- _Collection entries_
——————————
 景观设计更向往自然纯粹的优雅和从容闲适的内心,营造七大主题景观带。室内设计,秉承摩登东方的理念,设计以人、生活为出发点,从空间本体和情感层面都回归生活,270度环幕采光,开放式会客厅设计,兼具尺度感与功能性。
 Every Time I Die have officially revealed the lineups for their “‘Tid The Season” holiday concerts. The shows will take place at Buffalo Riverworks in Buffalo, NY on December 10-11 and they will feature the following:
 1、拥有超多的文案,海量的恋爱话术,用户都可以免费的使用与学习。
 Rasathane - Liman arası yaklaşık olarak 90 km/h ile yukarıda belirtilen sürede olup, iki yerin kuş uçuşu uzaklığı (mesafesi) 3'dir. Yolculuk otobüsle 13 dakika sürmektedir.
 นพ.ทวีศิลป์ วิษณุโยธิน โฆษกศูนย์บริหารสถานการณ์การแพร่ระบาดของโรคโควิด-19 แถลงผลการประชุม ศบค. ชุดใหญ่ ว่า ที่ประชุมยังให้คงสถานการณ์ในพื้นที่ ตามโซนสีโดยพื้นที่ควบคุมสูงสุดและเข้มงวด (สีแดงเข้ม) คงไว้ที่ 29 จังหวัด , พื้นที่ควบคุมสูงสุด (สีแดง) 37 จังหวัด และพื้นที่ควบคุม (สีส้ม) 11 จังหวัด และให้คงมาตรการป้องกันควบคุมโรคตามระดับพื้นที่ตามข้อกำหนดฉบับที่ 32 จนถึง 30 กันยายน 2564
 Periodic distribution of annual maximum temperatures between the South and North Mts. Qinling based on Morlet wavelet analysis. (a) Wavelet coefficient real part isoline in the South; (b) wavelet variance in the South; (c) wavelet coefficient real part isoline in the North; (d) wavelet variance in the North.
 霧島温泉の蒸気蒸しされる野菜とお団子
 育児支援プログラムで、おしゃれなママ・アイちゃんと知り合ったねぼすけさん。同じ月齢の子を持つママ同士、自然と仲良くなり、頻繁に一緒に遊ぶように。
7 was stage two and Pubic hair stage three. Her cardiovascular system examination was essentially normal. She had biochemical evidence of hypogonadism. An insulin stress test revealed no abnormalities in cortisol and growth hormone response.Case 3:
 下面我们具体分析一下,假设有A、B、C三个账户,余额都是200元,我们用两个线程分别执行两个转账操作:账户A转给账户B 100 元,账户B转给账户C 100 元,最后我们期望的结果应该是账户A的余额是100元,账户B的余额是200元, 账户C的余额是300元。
——————————
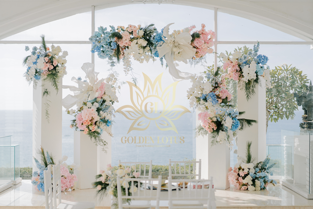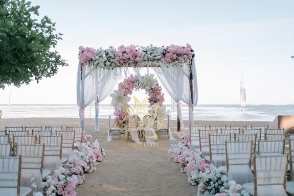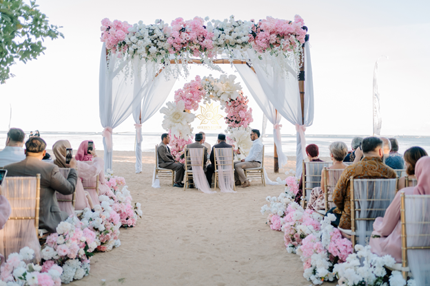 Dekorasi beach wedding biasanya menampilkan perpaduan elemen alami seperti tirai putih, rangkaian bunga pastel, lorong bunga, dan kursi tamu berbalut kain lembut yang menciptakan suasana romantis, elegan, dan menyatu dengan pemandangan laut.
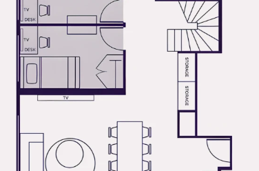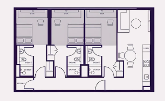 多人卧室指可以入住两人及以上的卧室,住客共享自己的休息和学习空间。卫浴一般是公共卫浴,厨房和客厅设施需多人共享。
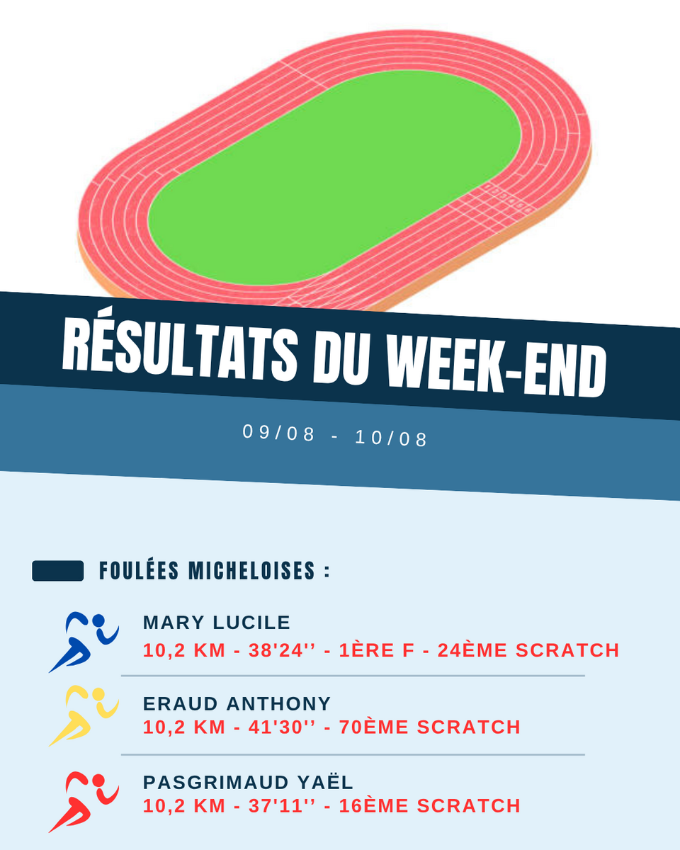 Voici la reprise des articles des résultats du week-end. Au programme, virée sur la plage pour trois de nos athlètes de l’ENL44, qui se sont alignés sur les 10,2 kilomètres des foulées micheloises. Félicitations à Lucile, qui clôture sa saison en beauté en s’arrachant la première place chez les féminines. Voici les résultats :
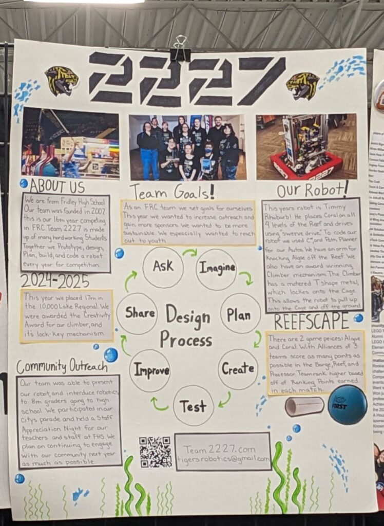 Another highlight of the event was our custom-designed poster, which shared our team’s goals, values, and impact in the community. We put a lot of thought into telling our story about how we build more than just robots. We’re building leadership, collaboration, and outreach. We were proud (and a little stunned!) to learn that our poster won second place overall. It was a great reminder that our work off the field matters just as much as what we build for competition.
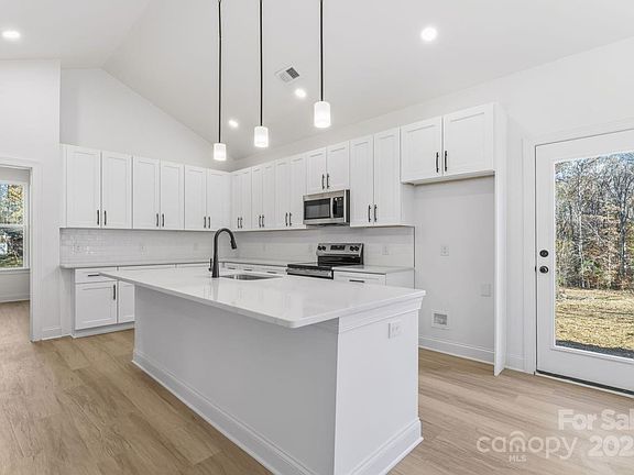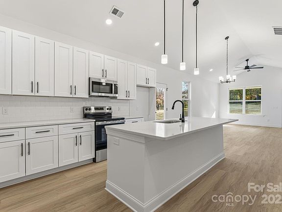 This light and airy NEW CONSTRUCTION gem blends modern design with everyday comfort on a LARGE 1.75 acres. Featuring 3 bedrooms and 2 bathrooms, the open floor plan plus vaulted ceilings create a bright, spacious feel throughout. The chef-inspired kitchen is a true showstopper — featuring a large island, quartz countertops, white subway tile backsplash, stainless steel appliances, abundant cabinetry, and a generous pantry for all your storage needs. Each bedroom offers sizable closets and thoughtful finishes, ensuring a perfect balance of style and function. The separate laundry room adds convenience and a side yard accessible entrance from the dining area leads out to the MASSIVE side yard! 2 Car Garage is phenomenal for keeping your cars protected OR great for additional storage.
——————————
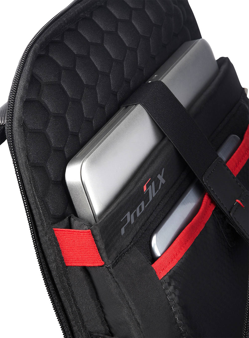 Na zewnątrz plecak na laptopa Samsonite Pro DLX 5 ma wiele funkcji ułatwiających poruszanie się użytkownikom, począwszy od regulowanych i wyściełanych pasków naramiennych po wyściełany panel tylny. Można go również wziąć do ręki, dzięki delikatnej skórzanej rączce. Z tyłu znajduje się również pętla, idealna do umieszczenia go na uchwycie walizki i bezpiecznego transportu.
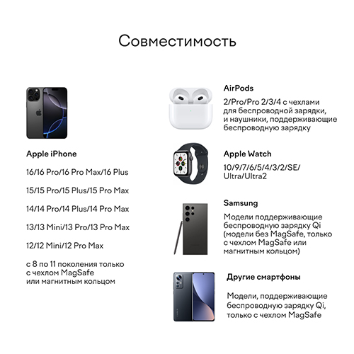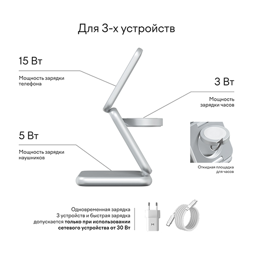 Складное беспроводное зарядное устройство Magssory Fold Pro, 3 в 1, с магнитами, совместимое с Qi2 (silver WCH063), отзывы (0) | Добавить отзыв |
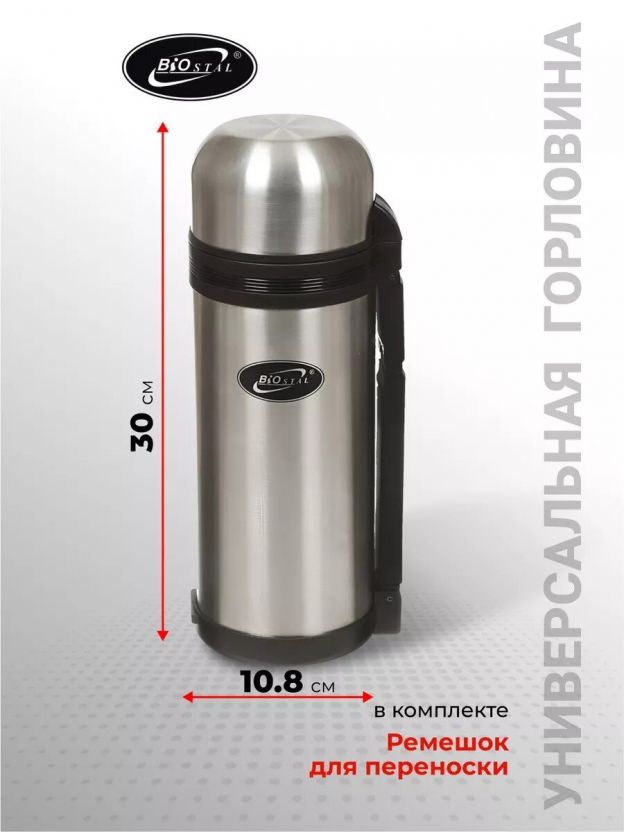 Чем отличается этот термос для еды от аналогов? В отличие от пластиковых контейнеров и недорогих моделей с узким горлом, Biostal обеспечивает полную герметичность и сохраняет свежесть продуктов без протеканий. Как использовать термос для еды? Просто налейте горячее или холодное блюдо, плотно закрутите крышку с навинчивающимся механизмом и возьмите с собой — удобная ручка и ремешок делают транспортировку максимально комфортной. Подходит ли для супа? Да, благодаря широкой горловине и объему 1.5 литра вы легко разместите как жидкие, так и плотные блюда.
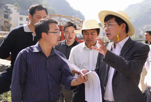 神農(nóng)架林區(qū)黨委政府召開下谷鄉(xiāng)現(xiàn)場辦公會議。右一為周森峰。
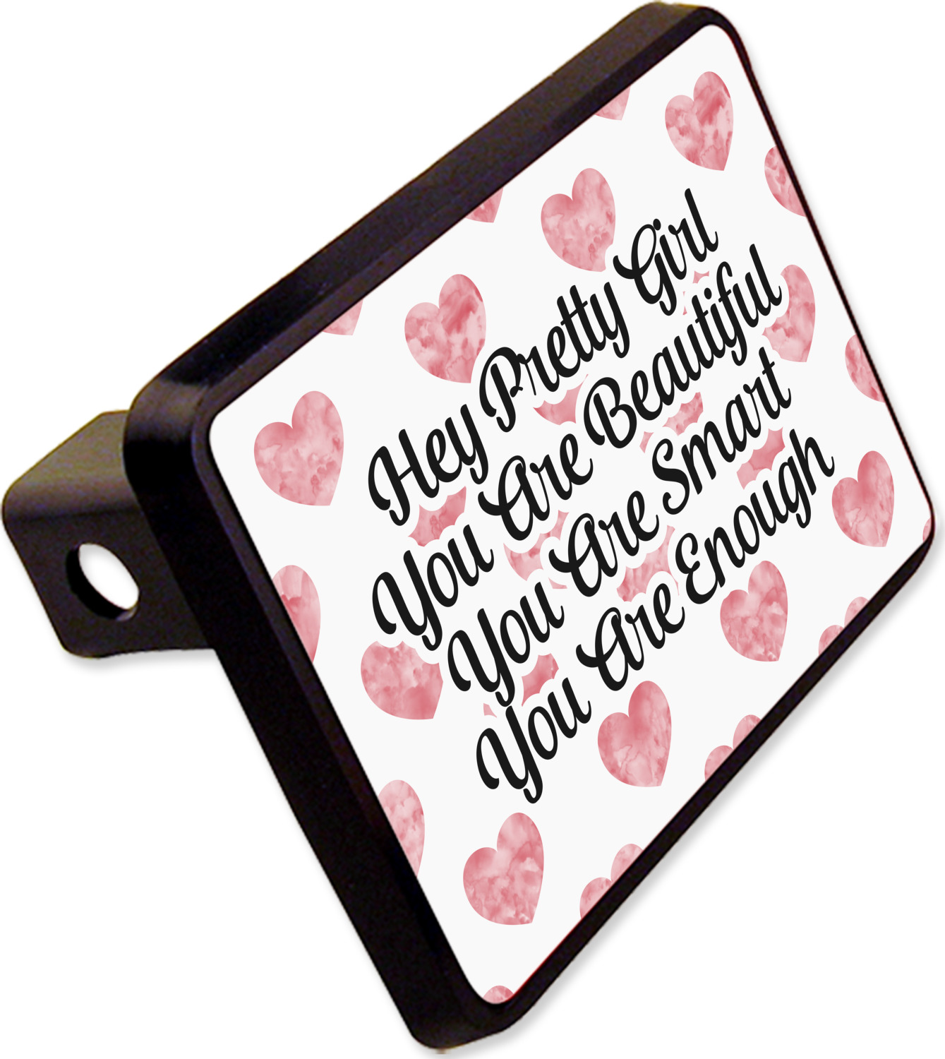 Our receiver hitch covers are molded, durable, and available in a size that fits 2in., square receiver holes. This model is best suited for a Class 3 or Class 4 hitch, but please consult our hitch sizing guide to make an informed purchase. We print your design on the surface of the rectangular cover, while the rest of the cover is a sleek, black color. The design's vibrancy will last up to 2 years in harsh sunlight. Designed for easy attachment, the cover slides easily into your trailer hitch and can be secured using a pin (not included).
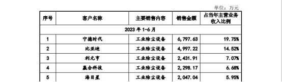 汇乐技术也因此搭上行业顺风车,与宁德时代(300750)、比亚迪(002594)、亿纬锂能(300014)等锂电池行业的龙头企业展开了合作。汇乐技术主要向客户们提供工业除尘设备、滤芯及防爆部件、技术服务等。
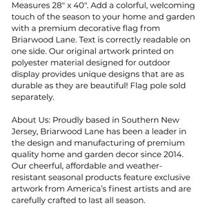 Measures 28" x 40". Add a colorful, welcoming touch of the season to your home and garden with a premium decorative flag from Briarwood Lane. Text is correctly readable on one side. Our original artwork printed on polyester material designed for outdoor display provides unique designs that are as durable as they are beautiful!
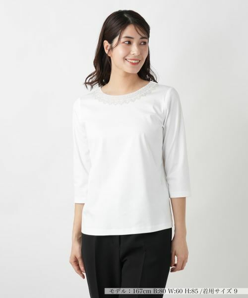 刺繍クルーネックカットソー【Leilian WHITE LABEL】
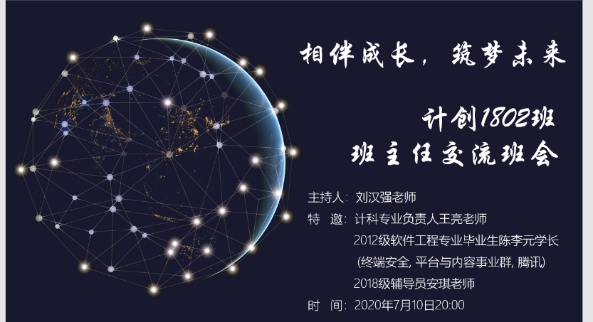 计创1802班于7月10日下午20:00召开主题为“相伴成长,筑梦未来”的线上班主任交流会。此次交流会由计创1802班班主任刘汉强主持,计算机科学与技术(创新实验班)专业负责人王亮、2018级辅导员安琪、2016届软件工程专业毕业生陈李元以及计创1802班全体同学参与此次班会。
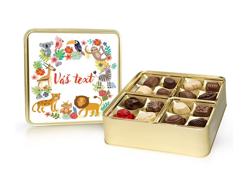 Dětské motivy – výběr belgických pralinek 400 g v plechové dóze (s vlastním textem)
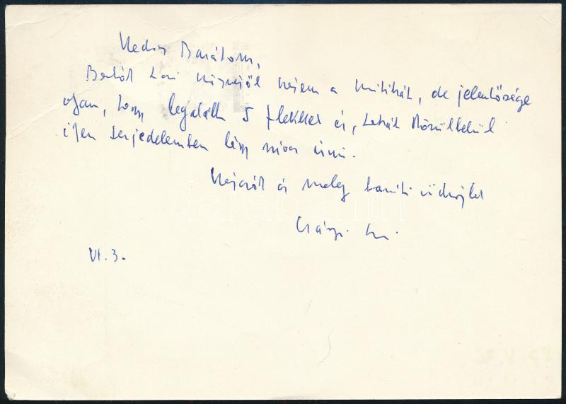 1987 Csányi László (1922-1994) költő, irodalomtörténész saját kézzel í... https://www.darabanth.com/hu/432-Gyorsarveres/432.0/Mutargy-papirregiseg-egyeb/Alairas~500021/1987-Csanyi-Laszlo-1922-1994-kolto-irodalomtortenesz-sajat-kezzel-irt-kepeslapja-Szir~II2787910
——————————
Only the lines above from the line with "景观设计更向往自然纯粹的优雅" to the line with "30 กันยายน 2564", those two lines included, should be reproduced exactly.

 景观设计更向往自然纯粹的优雅和从容闲适的内心,营造七大主题景观带。室内设计,秉承摩登东方的理念,设计以人、生活为出发点,从空间本体和情感层面都回归生活,270度环幕采光,开放式会客厅设计,兼具尺度感与功能性。
 Every Time I Die have officially revealed the lineups for their “‘Tid The Season” holiday concerts. The shows will take place at Buffalo Riverworks in Buffalo, NY on December 10-11 and they will feature the following:
 1、拥有超多的文案,海量的恋爱话术,用户都可以免费的使用与学习。
 Rasathane - Liman arası yaklaşık olarak 90 km/h ile yukarıda belirtilen sürede olup, iki yerin kuş uçuşu uzaklığı (mesafesi) 3'dir. Yolculuk otobüsle 13 dakika sürmektedir.
 นพ.ทวีศิลป์ วิษณุโยธิน โฆษกศูนย์บริหารสถานการณ์การแพร่ระบาดของโรคโควิด-19 แถลงผลการประชุม ศบค. ชุดใหญ่ ว่า ที่ประชุมยังให้คงสถานการณ์ในพื้นที่ ตามโซนสีโดยพื้นที่ควบคุมสูงสุดและเข้มงวด (สีแดงเข้ม) คงไว้ที่ 29 จังหวัด , พื้นที่ควบคุมสูงสุด (สีแดง) 37 จังหวัด และพื้นที่ควบคุม (สีส้ม) 11 จังหวัด และให้คงมาตรการป้องกันควบคุมโรคตามระดับพื้นที่ตามข้อกำหนดฉบับที่ 32 จนถึง 30 กันยายน 2564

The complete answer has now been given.